Exercise description:
For the data that follows, print the line with "satellite convergence: Mobility", the line with "В сезоне FW'25-26", and all lines between them, exactly as they stand. Omit pictures and add nothing.

Information provided:

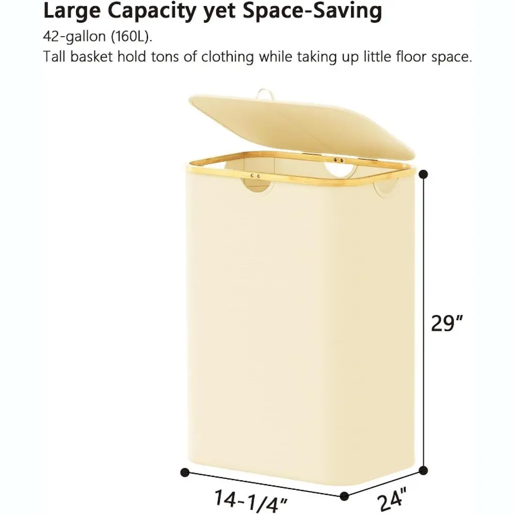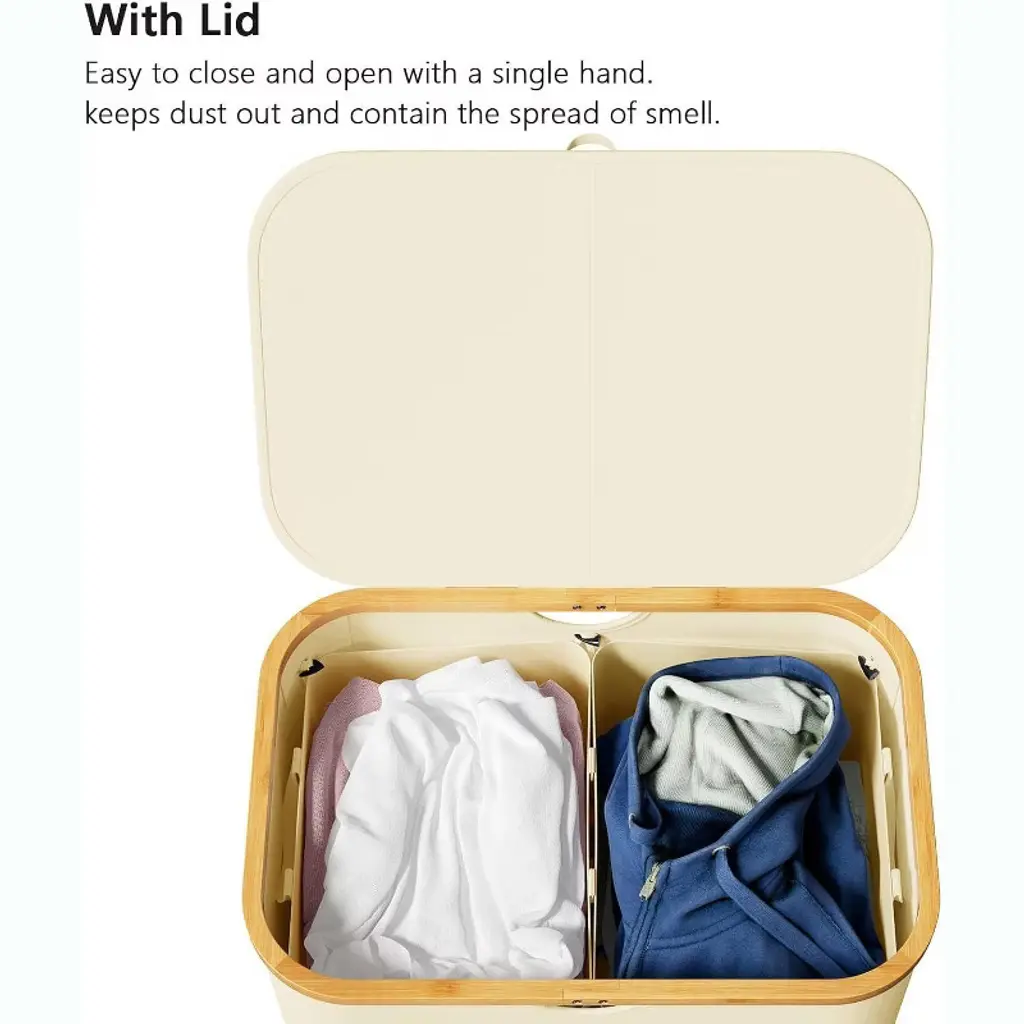 Keep your space tidy and organized with this large 160L laundry hamper. Designed as a 2-section laundry hamper, it makes sorting clothes simple and efficient. The laundry hamper comes with 2 removable bags, making it easy to carry loads to the washer. With a sturdy lid, this laundry hamper keeps dirty clothes out of sight, adding a clean look to any bedroom, bathroom, dorm, or laundry room. Bamboo handles bring style and comfort, while the collapsible design lets you store the laundry hamper when not in use. Choose this spacious, stylish, and practical laundry hamper to upgrade your daily routine.
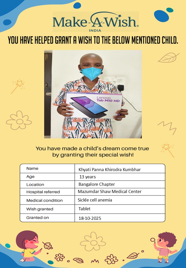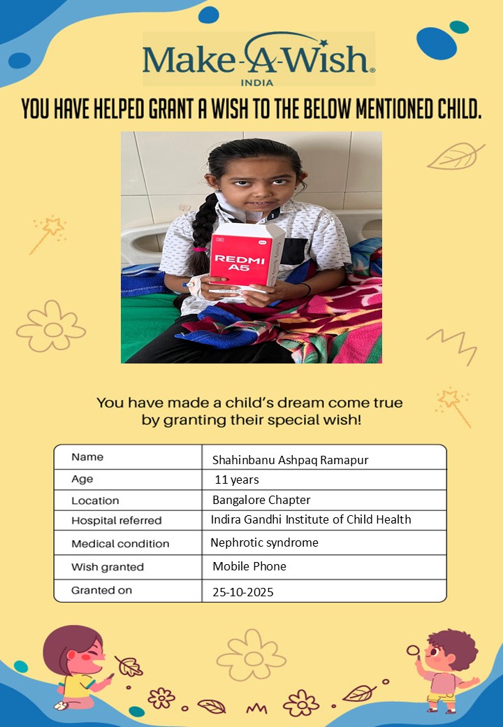 At an average cost of INR 10,000, every wish covers planning, logistics, and the magical experience itself, and by supporting this campaign, you are not just creating smiles but giving children hope, strength, and a better chance of recovery.
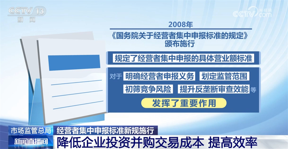 市場(chǎng)監(jiān)管總局介紹,經(jīng)營(yíng)者集中申報(bào)標(biāo)準(zhǔn)是經(jīng)營(yíng)者集中反壟斷審查制度的重要內(nèi)容。2008年《國(guó)務(wù)院關(guān)于經(jīng)營(yíng)者集中申報(bào)標(biāo)準(zhǔn)的規(guī)定》頒布施行,規(guī)定了經(jīng)營(yíng)者集中申報(bào)的具體營(yíng)業(yè)額標(biāo)準(zhǔn),對(duì)于明確經(jīng)營(yíng)者申報(bào)義務(wù)、劃定監(jiān)管范圍、初篩競(jìng)爭(zhēng)風(fēng)險(xiǎn)、提升反壟斷審查效能等發(fā)揮了重要作用。
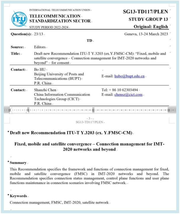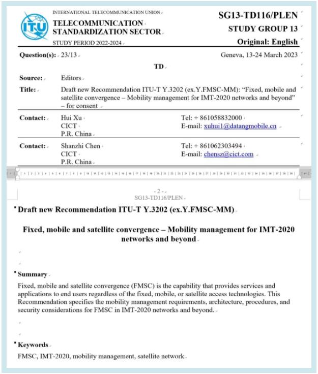 2023年3月,在剛剛結(jié)束的國(guó)際電信聯(lián)盟(ITU-T)SG13全體會(huì)議上,中國(guó)信科牽頭和主導(dǎo)制定的2項(xiàng)星地融合國(guó)際標(biāo)準(zhǔn):《Y.3202,F(xiàn)ixed, mobile and satellite convergence: Mobility management for IMT-2020 networks and beyond》(固定、移動(dòng)和衛(wèi)星融合:面向IMT-2020及其演進(jìn)網(wǎng)絡(luò)的移動(dòng)性管理)、《Y.3203,F(xiàn)ixed, mobile and satellite convergence: Connection management for IMT-2020 networks and beyond》(固定、移動(dòng)和衛(wèi)星融合:面向IMT-2020及其演進(jìn)網(wǎng)絡(luò)的連接管理)獲批結(jié)項(xiàng),實(shí)現(xiàn)了星地融合通信關(guān)鍵技術(shù)在標(biāo)準(zhǔn)化方面的突破,為星地融合通信的技術(shù)研究和標(biāo)準(zhǔn)體系構(gòu)建奠定了堅(jiān)實(shí)基礎(chǔ),標(biāo)志著中國(guó)信科在星地融合“5G兼容、6G融合”取得的又一重大成果。
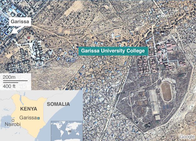 Περίπου 10 μασκοφόροι άνδρες της οργάνωσης που συνδέεται με την Αλ Κάιντα άνοιξαν πυρ αδιακρίτως, στις 05.00 τα ξημερώματα, στο πανεπιστήμιο της πόλης Γκαρίσα, στη βορειοανατολική Κένυα, κοντά στα σύνορα με τη Σομαλία.
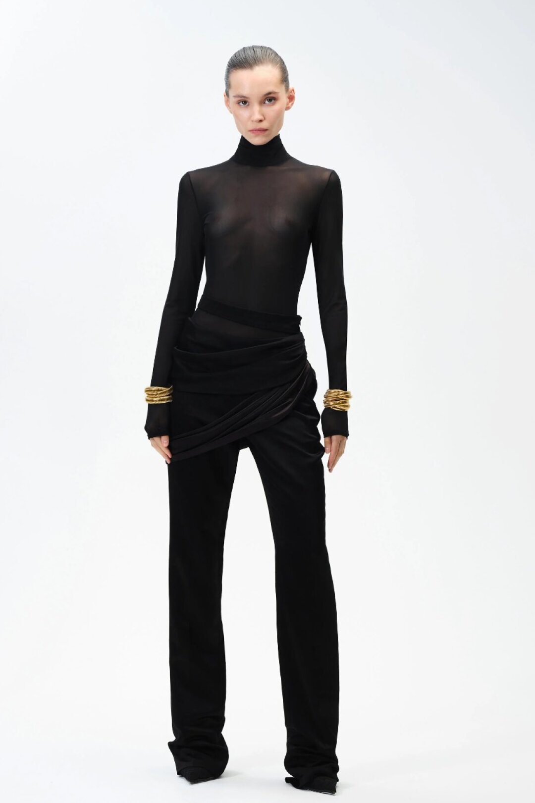 В сезоне FW'25-26 с приемом продолжил экспериментировать Питер Мюлье (как завещал отец-основатель Alaia!), сочиняя из ткани и каркасных стержнях настоящие фэшн-скульптуры. К нему присоединились Жак Вей (в бренде имени себя показал драпированную миди-юбку в тандеме с зебровым поясом-кушаком), Джонни Йоханссон (для Acne Studios сложил мини-платье из тонкого трикотажного шарфа с кисточками) и Джозеф Альтузарра (на подиуме Altuzarra поженил витиевато сложенный топ-платье с меховыми ботфортами и макси-пальто).
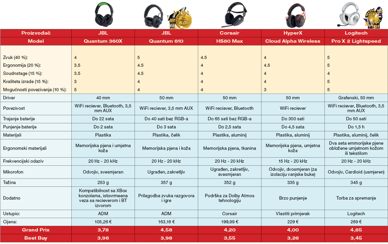 Dok bežične slušalice danas nisu novost, mogu se naći u vrlo širokom cjenovnom rasponu. Čak smo se iznenadili što sve možete dobiti po vrlo atraktivnim cijenama, pogotovo jer se radi o wireless implementaciji koja ipak dodaje komplikacije proizvođačima. Slušalicama je žica uvijek bila slaba točka, koja bi prva u većini slučajeva i „otišla“. Bežične slušalice daju vam dodatnu slobodu, no po nama je primarno to što neće biti povlačenja i motanja kablova na tako dinamičnom komadu periferije. Mi smo složili desetak primjeraka širokog cjenovnog raspona, a testirat ćemo njihove gaming sposobnosti. Za razliku od audio slušalica, ovdje preciznost reprodukcije nije u prvom fokusu, te imaju često „pojačan“ odaziv u dubokim frekvencijama, radi atraktivnijeg gaming doživljaja. Zato ćemo ovdje kroz nekoliko igara vidjeti mogućnost reprodukcije stereo i surround efekata, provjeriti dodatne mogućnosti na samim slušalicama, kao i pomoću njihovog softvera, a na kraju zaigrati i na mobitelu, detalj koji nove gaming generacije i te kako očekuju. Bežične slušalice također moraju paziti i na ergonomiju radi dodatne težine koju zahtijevaju baterija i ostatak hardvera, pa nam to čini dodatnu testnu točku. Na kraju, tu je i mikrofon koji također valja isprobati jer nema goreg od nejasnog voice poziva u multiplayer situacijama. Sve to zaokružit će naš test i tako ćemo u odnosu na traženu cijenu imati jasnog pobjednika u kategorijama ispod i iznad cijene od 100 €, što smatramo granicom gdje se očekivanja kupaca mijenjaju.
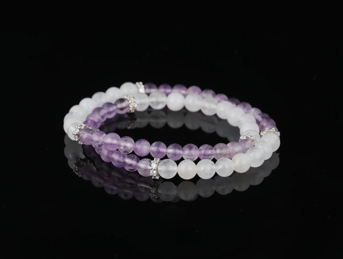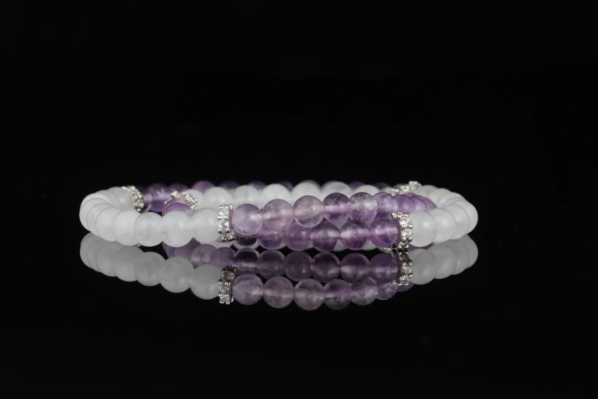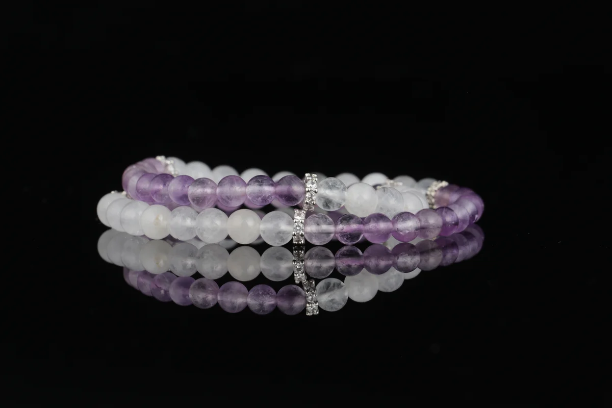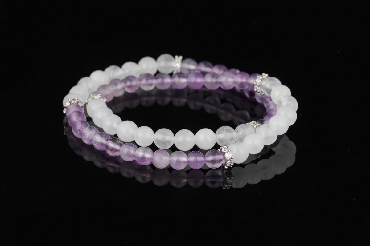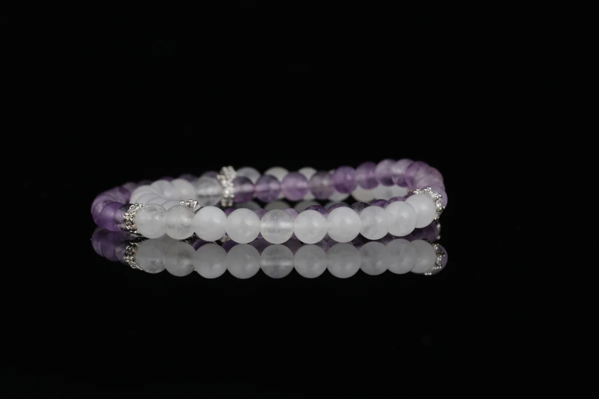 Natural Amethyst and White Azeztulite Bracelet Stackable Energy Manifestation Bracelet Wealth Attraction, Luck Enhancement, and Sleep Aid Natural Crystal
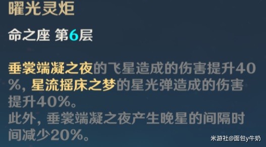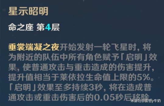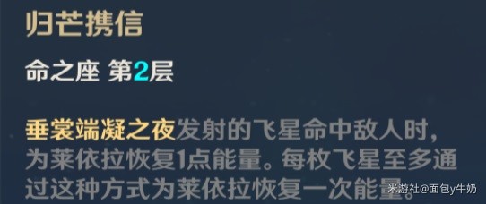 解锁该天赋后,飞星伤害提高,依据莱依拉生命值的1.5%。
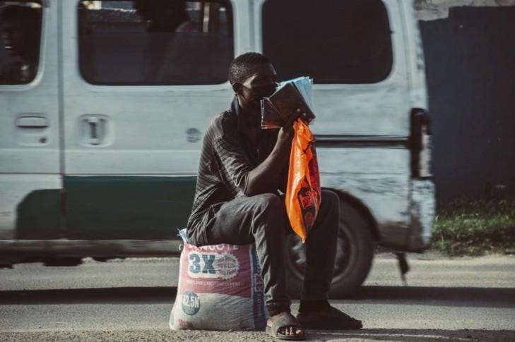 A mask-hawker sits on a sack of sand, tired from running after clients in vehicles seeking entrance at Landmark Event Centre.
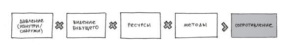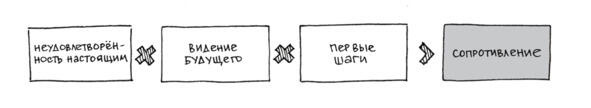 Как же тренеру решить такую задачу? Важно понимать механизм процесса изменения установок и поведения у людей в целом: если произведение трех составляющих неудовлетворенности текущим положением дел, видения возможностей и первых конкретных шагов, которые могут быть сделаны в направлении цели, превосходит сопротивление, то изменения возможны. Такова формула внедрения изменений (формула Глейтчера), которая графически может быть представлена следующим образом:
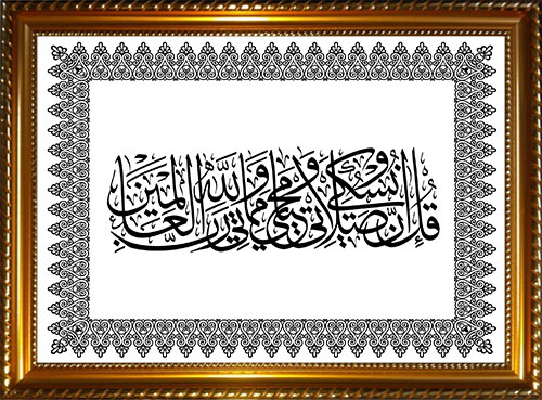 Vous recevrez un tableau avec encadrement bois décoré et doré contenant la calligraphie du verset ainsi qu'un texte optionnel de votre choix (personnalisable) en français ou en arabe. Ce texte sera placé en dessous de la calligraphie.
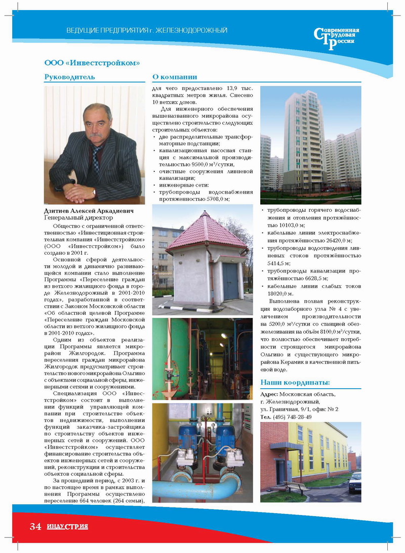 Специализация ООО «Инвестстройком» состоит в выполнении функций управляющей компании при строительстве объектов недвижимости, выполнении функций заказчиказастройщика по строительству объектов инженерных сетей и сооружений. ООО «Инвестстройком» осуществляет финансирование строительства объектов инженерных сетей и сооружений, реконструкции и строительства объектов социальной сферы.

Solution to this task:
 2023年3月,在剛剛結(jié)束的國(guó)際電信聯(lián)盟(ITU-T)SG13全體會(huì)議上,中國(guó)信科牽頭和主導(dǎo)制定的2項(xiàng)星地融合國(guó)際標(biāo)準(zhǔn):《Y.3202,F(xiàn)ixed, mobile and satellite convergence: Mobility management for IMT-2020 networks and beyond》(固定、移動(dòng)和衛(wèi)星融合:面向IMT-2020及其演進(jìn)網(wǎng)絡(luò)的移動(dòng)性管理)、《Y.3203,F(xiàn)ixed, mobile and satellite convergence: Connection management for IMT-2020 networks and beyond》(固定、移動(dòng)和衛(wèi)星融合:面向IMT-2020及其演進(jìn)網(wǎng)絡(luò)的連接管理)獲批結(jié)項(xiàng),實(shí)現(xiàn)了星地融合通信關(guān)鍵技術(shù)在標(biāo)準(zhǔn)化方面的突破,為星地融合通信的技術(shù)研究和標(biāo)準(zhǔn)體系構(gòu)建奠定了堅(jiān)實(shí)基礎(chǔ),標(biāo)志著中國(guó)信科在星地融合“5G兼容、6G融合”取得的又一重大成果。
 Περίπου 10 μασκοφόροι άνδρες της οργάνωσης που συνδέεται με την Αλ Κάιντα άνοιξαν πυρ αδιακρίτως, στις 05.00 τα ξημερώματα, στο πανεπιστήμιο της πόλης Γκαρίσα, στη βορειοανατολική Κένυα, κοντά στα σύνορα με τη Σομαλία.
 В сезоне FW'25-26 с приемом продолжил экспериментировать Питер Мюлье (как завещал отец-основатель Alaia!), сочиняя из ткани и каркасных стержнях настоящие фэшн-скульптуры. К нему присоединились Жак Вей (в бренде имени себя показал драпированную миди-юбку в тандеме с зебровым поясом-кушаком), Джонни Йоханссон (для Acne Studios сложил мини-платье из тонкого трикотажного шарфа с кисточками) и Джозеф Альтузарра (на подиуме Altuzarra поженил витиевато сложенный топ-платье с меховыми ботфортами и макси-пальто).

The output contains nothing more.